Equipment Breakdown: Why a Failed Press Can Cost More Than the Repair
When a hydraulic truss press or saw line fails, the repair is the small number. The lost production behind it is what hurts. Equipment breakdown coverage is how you protect both.
By Contractors Choice Agency

A hydraulic truss press is the most important machine on your floor. It's also one of the most expensive to repair and one of the hardest to replace quickly. When a press cylinder cracks, a control panel arcs out, or a gantry saw motor seizes, the immediate question is never just "what will this cost to fix?" It's "how many days until we're shipping trusses again?"
That second question is where most truss plants are under-insured.
Standard property doesn't cover breakdown
There's a common and expensive misconception that commercial property insurance covers equipment failure.
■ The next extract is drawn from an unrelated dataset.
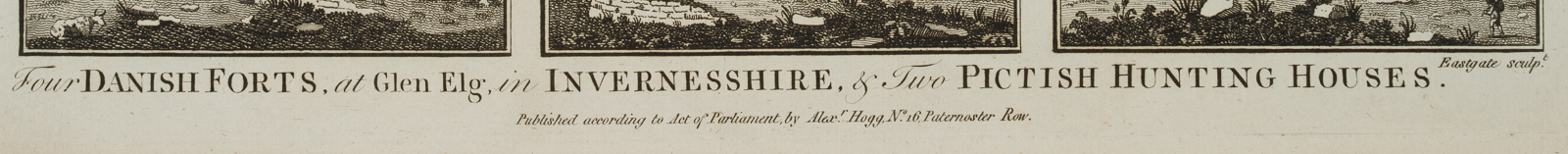 Eastgate (18. Jahrhundert), Sechs Landschafts- und Architekturdarstellungen: “Four Danish Forts at Glen Elg, in Invernesshire & Two Pictish Hunting Houses”, 18. Jahrhundert, Radierung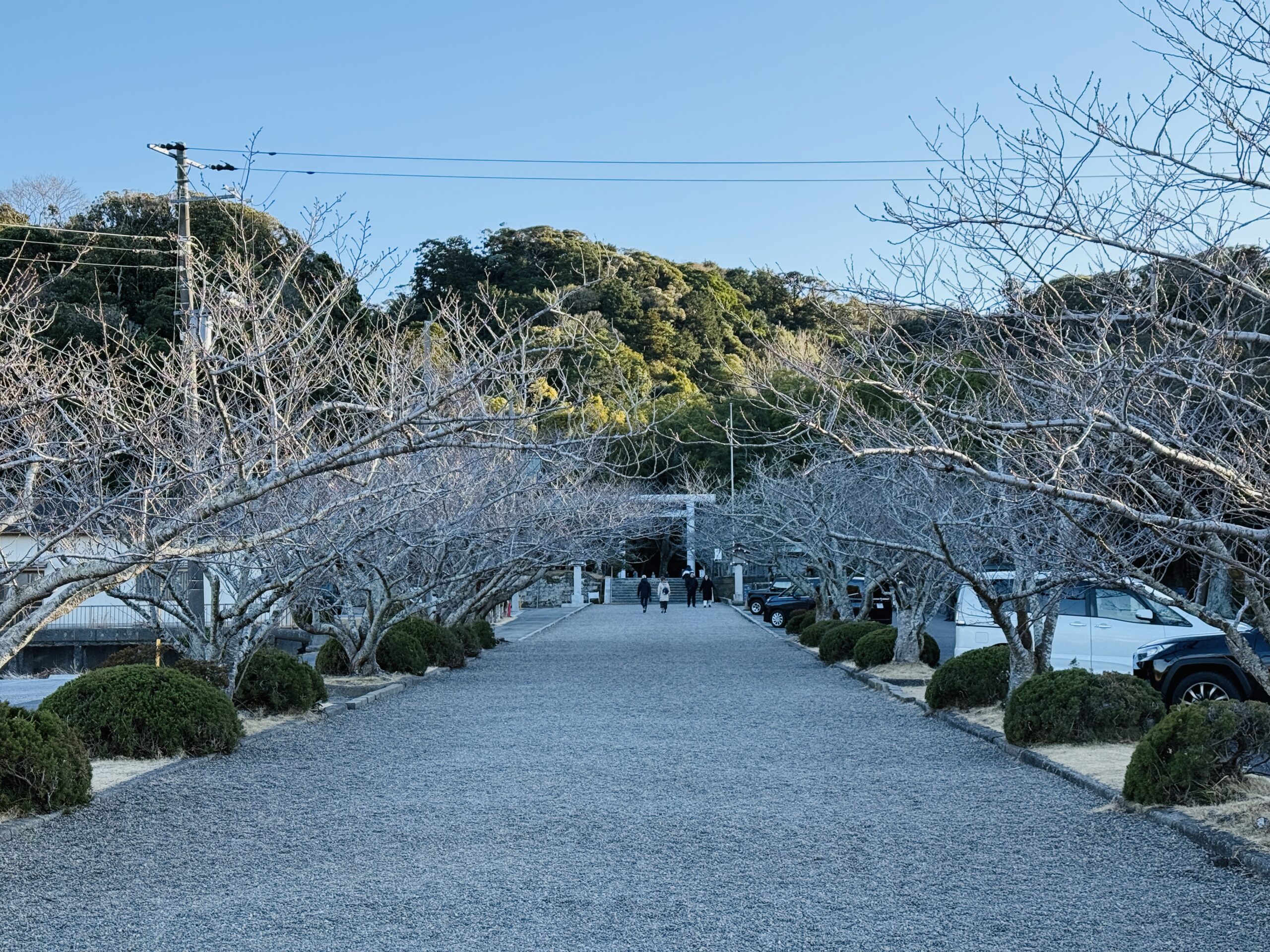 長い参道沿いには約200本のソメイヨシノが並び、春には桜のトンネルとなる華やかな景観が訪れる人々を魅了します。緑深い森に囲まれた境内は、一歩一歩が心を落ち着かせる散策路でもあります。

It generally does not. Property insurance covers external causes of loss — fire, wind, hail, theft. It does not cover the sudden mechanical or electrical failure of your machinery.
A cracked press cylinder, a shorted control board, a motor that burns out, arcing in an electrical panel — these are exactly the failures that property insurance excludes. They're covered instead by equipment breakdown coverage (the modern version of what used to be called boiler and machinery).
If your program doesn't have equipment breakdown written as a real coverage, and not a vague endorsement, the cost of these failures comes straight off your bottom line.
The repair is the small number
Say a press fails on a Tuesday. The part has a six-week lead time. For those six weeks, you're either down entirely or running at reduced capacity. Consider what that actually costs:
- Lost revenue on the trusses you can't build and ship.
- Expedited parts and freight to shorten the downtime.
- Rental or leased equipment to keep part of the line moving.
- Overtime to catch up once the press is back.
For a plant shipping a meaningful volume, six weeks of reduced production easily runs into six figures — far more than the cost of the part itself. Equipment breakdown coverage that includes business income and extra expense is what reimburses you for that gap.
What good equipment breakdown coverage includes
A properly structured equipment breakdown policy for a truss plant should cover:
- The equipment itself — presses, gantry saws, roller conveyors, air compressors, motors, and the electrical panels and controls that run them.
- Expediting expenses — the premium freight and rush charges to get parts faster.
- Business income — the profit you lose during the downtime.
- Extra expense — the cost of renting equipment, running overtime, or taking any reasonable measure to shorten the interruption.
The coverage should be valued at what it actually costs to get back to full production, not an arbitrary sublimit buried in the policy.
How we set the limits
Coming from the trades, we understand what a press, a gantry saw, and a kiln actually cost — and how long they take to replace. We value each major piece of equipment at realistic replacement cost, including shipping, installation, and lead time. Then we set business-income coverage based on a realistic downtime scenario, not a best case.
That matters because the worst time to discover your equipment-breakdown coverage is under-sized is the week your press is down and you're waiting on a part.
Don't wait for the failure to find the gap
If you run an automated line, you will eventually have a breakdown. The only question is whether the policy behind you was built for the lost production — or just the part. We can usually tell you the answer in a quick review of your current property schedule.
It's one of the highest-value changes a truss plant can make to its insurance program, and it rarely costs what owners expect.